__EXERCISE PROMPT__:
This task calls for the lines below starting at the one containing "Твердость по Бринеллю." and ending at the one containing "非磁気Kbraミルクサテンフ", repeated exactly with both ends kept and pictures left out.

(PROVIDED MATERIAL Opens)

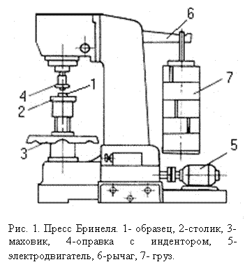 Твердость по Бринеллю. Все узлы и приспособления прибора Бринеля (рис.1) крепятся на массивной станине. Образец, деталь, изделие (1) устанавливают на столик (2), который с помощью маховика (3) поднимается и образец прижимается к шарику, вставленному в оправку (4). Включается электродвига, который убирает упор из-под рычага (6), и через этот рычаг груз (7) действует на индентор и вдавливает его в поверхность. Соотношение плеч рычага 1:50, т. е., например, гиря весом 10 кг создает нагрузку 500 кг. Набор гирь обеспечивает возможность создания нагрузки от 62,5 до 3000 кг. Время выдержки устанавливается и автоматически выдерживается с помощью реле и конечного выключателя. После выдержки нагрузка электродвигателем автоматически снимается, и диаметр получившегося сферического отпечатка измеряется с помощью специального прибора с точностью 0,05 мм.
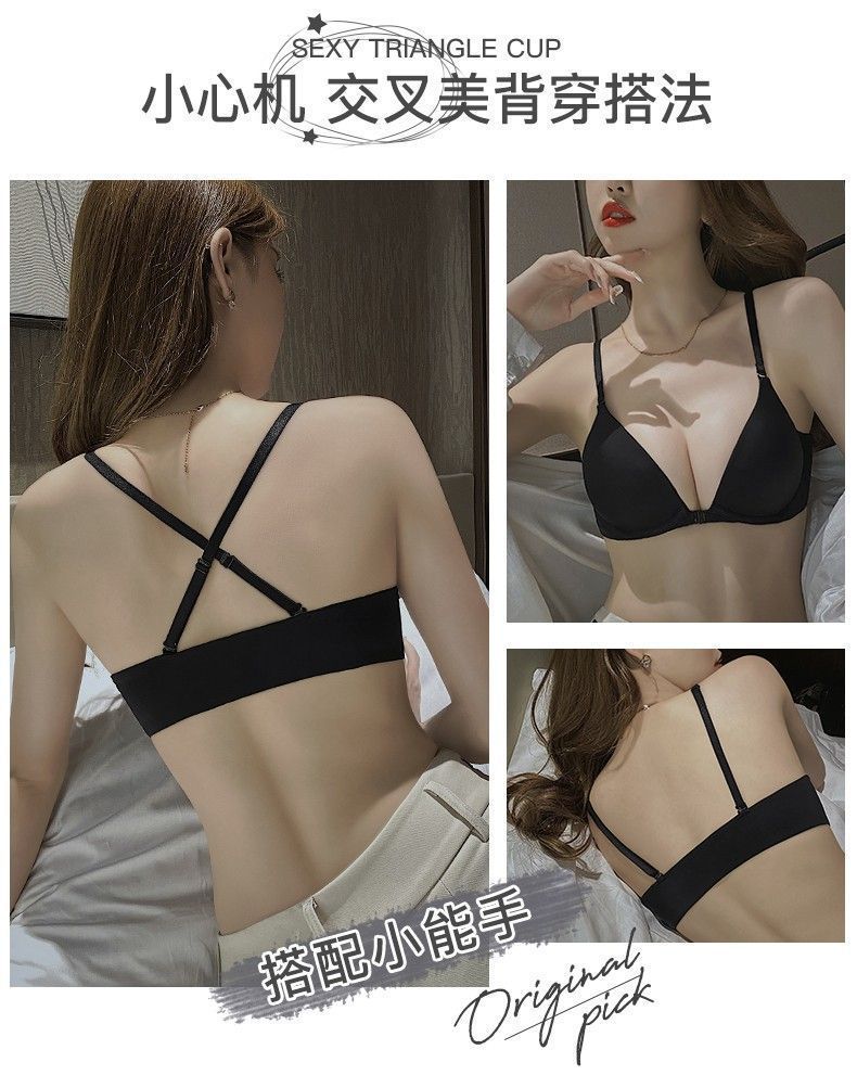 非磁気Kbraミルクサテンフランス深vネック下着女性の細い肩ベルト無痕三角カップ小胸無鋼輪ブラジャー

(PROVIDED MATERIAL Closes)
(PROVIDED MATERIAL Opens)

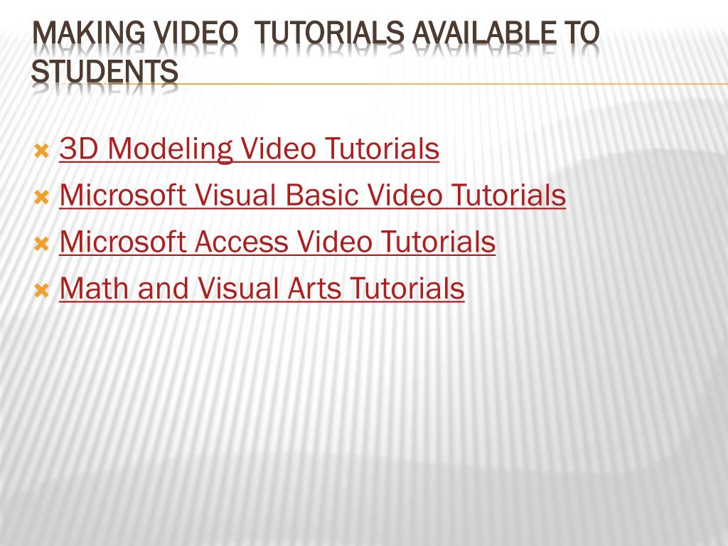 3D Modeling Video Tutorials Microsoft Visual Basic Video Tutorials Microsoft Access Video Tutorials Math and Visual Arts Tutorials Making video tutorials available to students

(PROVIDED MATERIAL Closes)

__RESPONSE TO THIS EXERCISE__:
 Твердость по Бринеллю. Все узлы и приспособления прибора Бринеля (рис.1) крепятся на массивной станине. Образец, деталь, изделие (1) устанавливают на столик (2), который с помощью маховика (3) поднимается и образец прижимается к шарику, вставленному в оправку (4). Включается электродвига, который убирает упор из-под рычага (6), и через этот рычаг груз (7) действует на индентор и вдавливает его в поверхность. Соотношение плеч рычага 1:50, т. е., например, гиря весом 10 кг создает нагрузку 500 кг. Набор гирь обеспечивает возможность создания нагрузки от 62,5 до 3000 кг. Время выдержки устанавливается и автоматически выдерживается с помощью реле и конечного выключателя. После выдержки нагрузка электродвигателем автоматически снимается, и диаметр получившегося сферического отпечатка измеряется с помощью специального прибора с точностью 0,05 мм.
 非磁気Kbraミルクサテンフランス深vネック下着女性の細い肩ベルト無痕三角カップ小胸無鋼輪ブラジャー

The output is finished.